§ What you need to do: Transcribe exactly the lines that fall between the one holding "model in night" and the one holding "校内だけでなく、地域の方や小学生も通る裏門前の道もきれいにしてくれました。", inclusive, from the entries below.

§ Extracted information:
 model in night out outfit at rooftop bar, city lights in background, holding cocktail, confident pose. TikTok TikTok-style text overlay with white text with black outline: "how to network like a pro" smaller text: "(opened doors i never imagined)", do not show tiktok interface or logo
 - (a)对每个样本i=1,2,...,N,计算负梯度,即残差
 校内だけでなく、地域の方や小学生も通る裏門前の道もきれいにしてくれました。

* * *

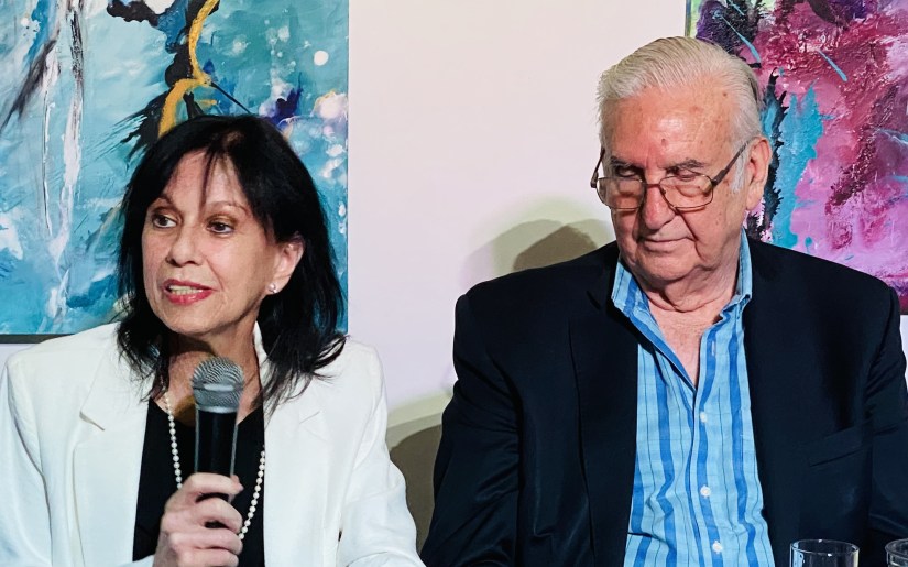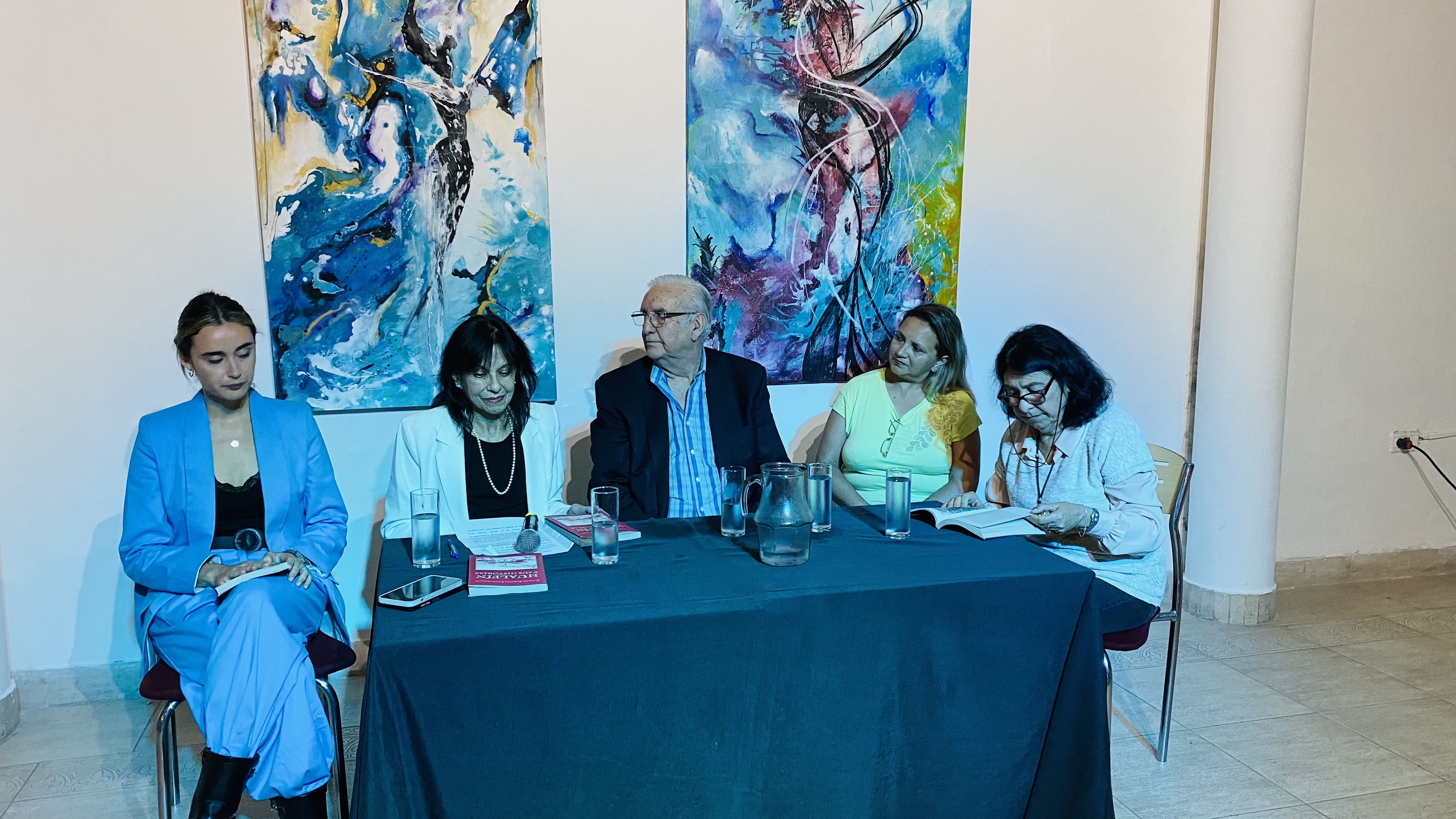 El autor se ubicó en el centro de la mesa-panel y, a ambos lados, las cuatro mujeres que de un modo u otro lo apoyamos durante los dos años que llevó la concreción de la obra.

§ Exercise solution:
 model in night out outfit at rooftop bar, city lights in background, holding cocktail, confident pose. TikTok TikTok-style text overlay with white text with black outline: "how to network like a pro" smaller text: "(opened doors i never imagined)", do not show tiktok interface or logo
 - (a)对每个样本i=1,2,...,N,计算负梯度,即残差
 校内だけでなく、地域の方や小学生も通る裏門前の道もきれいにしてくれました。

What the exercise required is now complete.